> [DATA EXCERPT]:
==============================
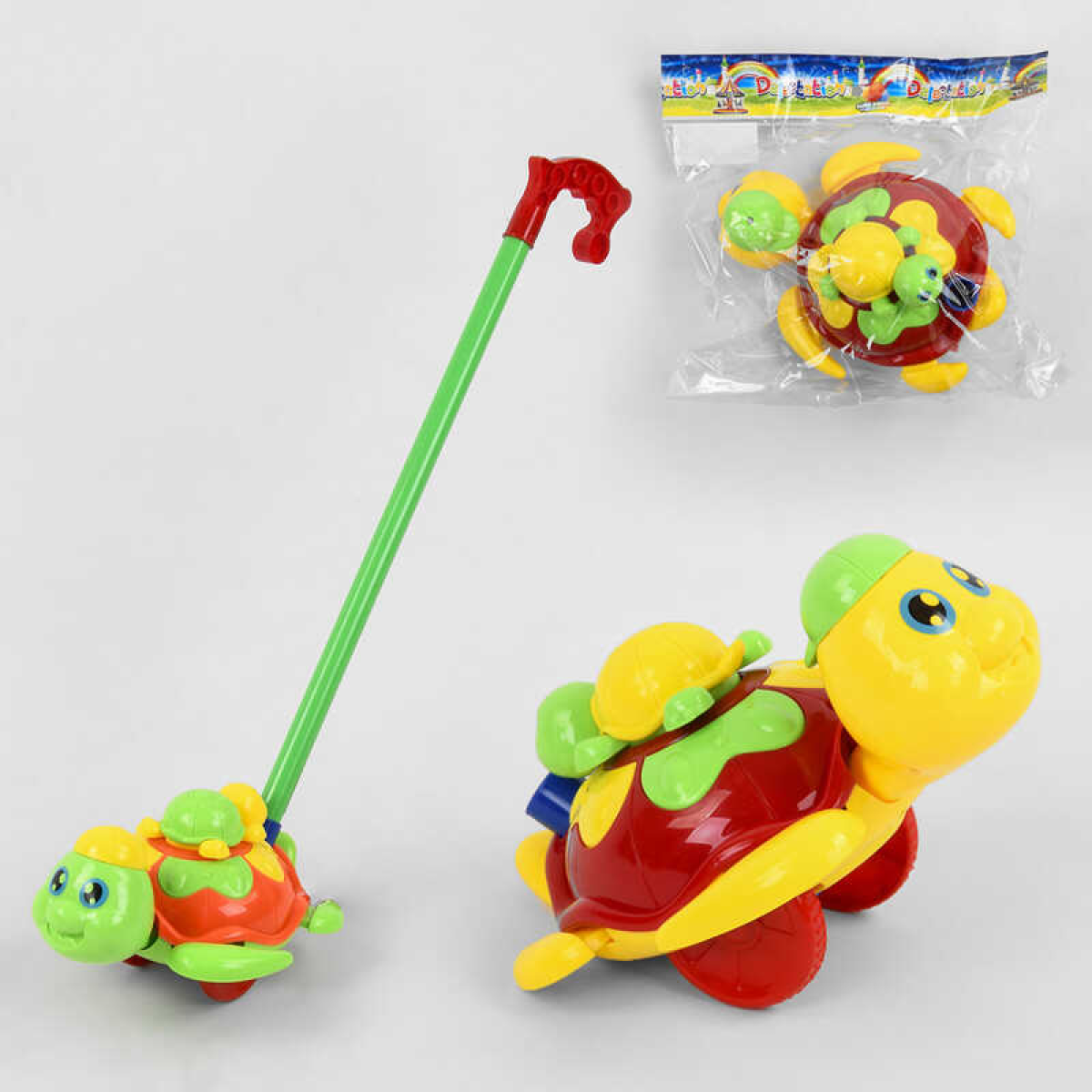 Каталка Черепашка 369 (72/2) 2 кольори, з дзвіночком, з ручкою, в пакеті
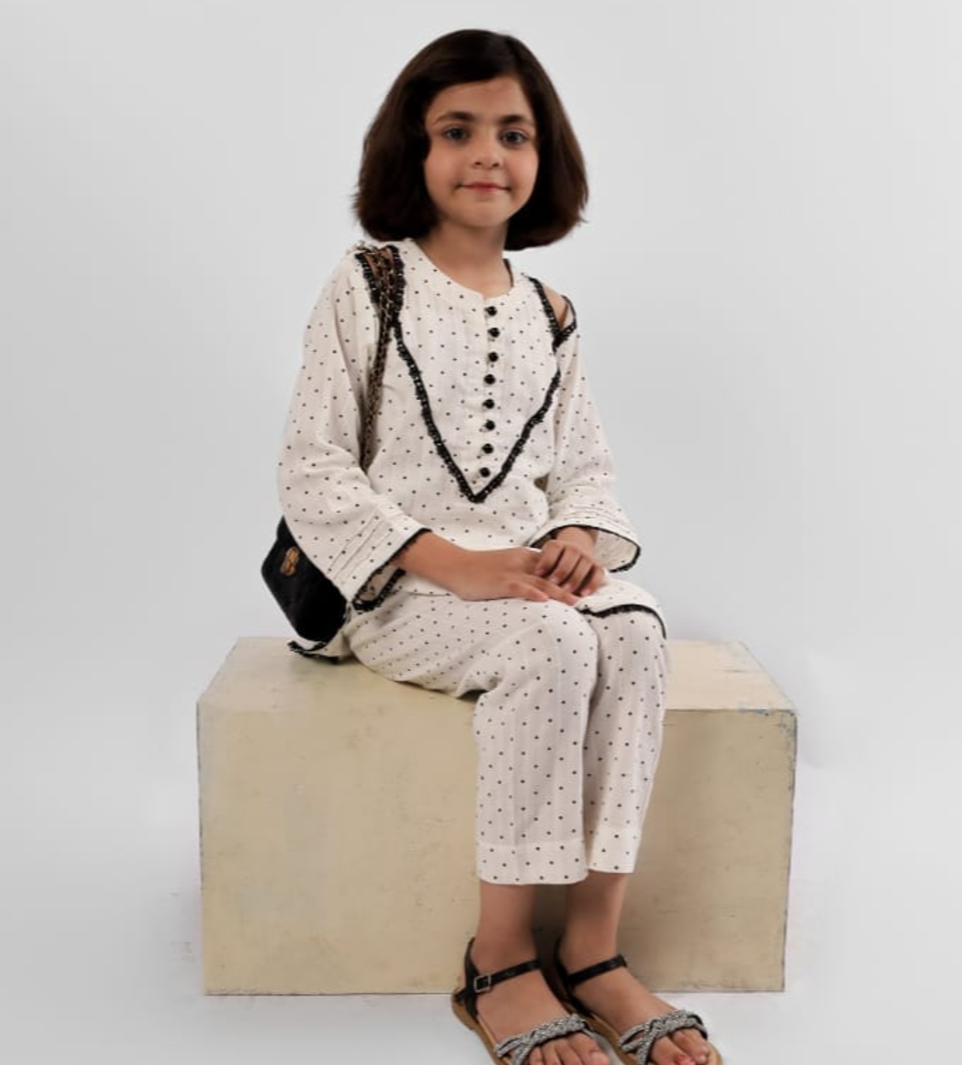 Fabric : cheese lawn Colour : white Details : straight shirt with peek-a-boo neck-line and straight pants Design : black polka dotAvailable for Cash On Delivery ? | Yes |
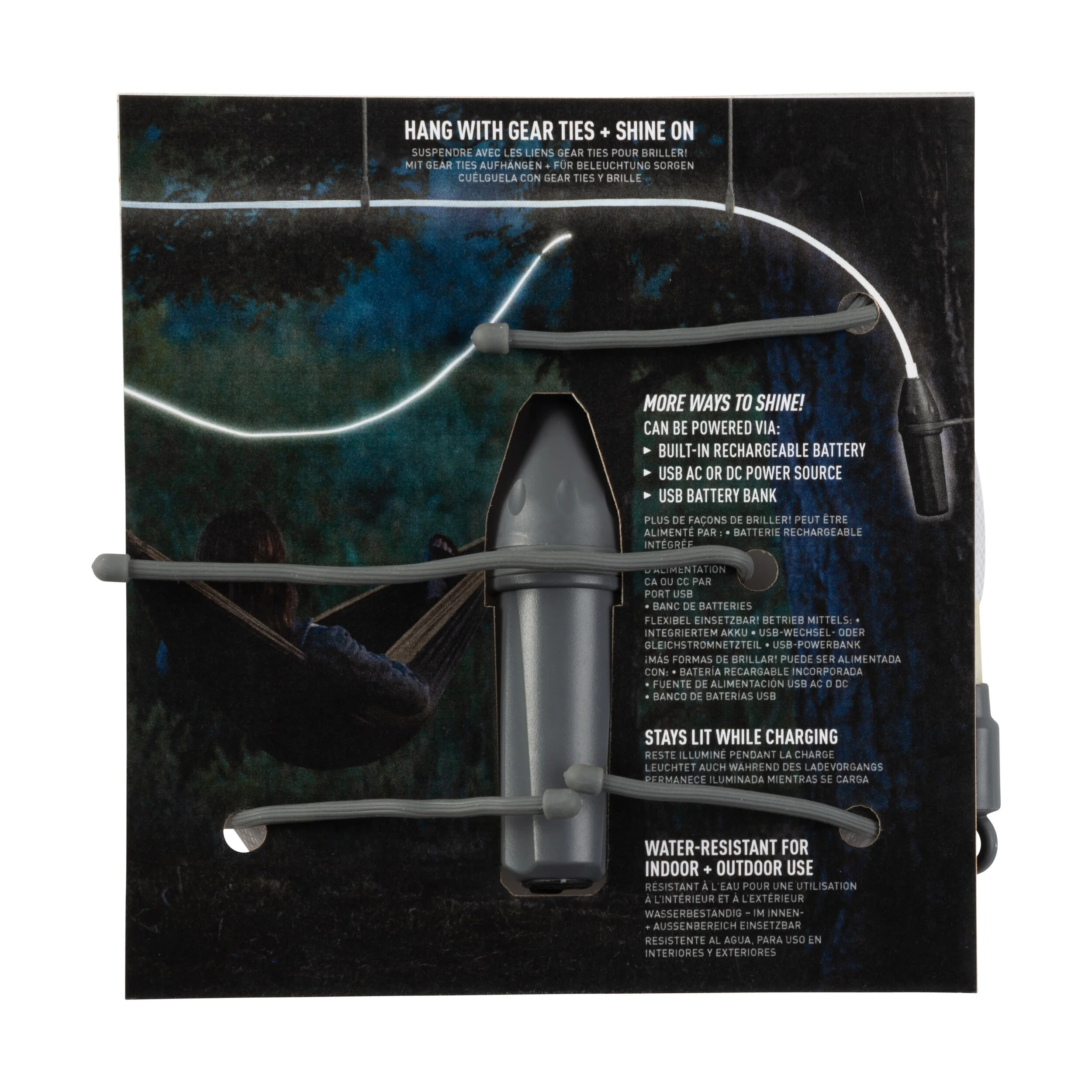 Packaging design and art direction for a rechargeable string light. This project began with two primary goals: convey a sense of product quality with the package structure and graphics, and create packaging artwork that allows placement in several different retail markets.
==============================
> [EXERCISE]: Repeat the listing word for word. Leave images out.

> [ANSWER TO THE PROBLEM]:
 Каталка Черепашка 369 (72/2) 2 кольори, з дзвіночком, з ручкою, в пакеті
 Fabric : cheese lawn Colour : white Details : straight shirt with peek-a-boo neck-line and straight pants Design : black polka dotAvailable for Cash On Delivery ? | Yes |
 Packaging design and art direction for a rechargeable string light. This project began with two primary goals: convey a sense of product quality with the package structure and graphics, and create packaging artwork that allows placement in several different retail markets.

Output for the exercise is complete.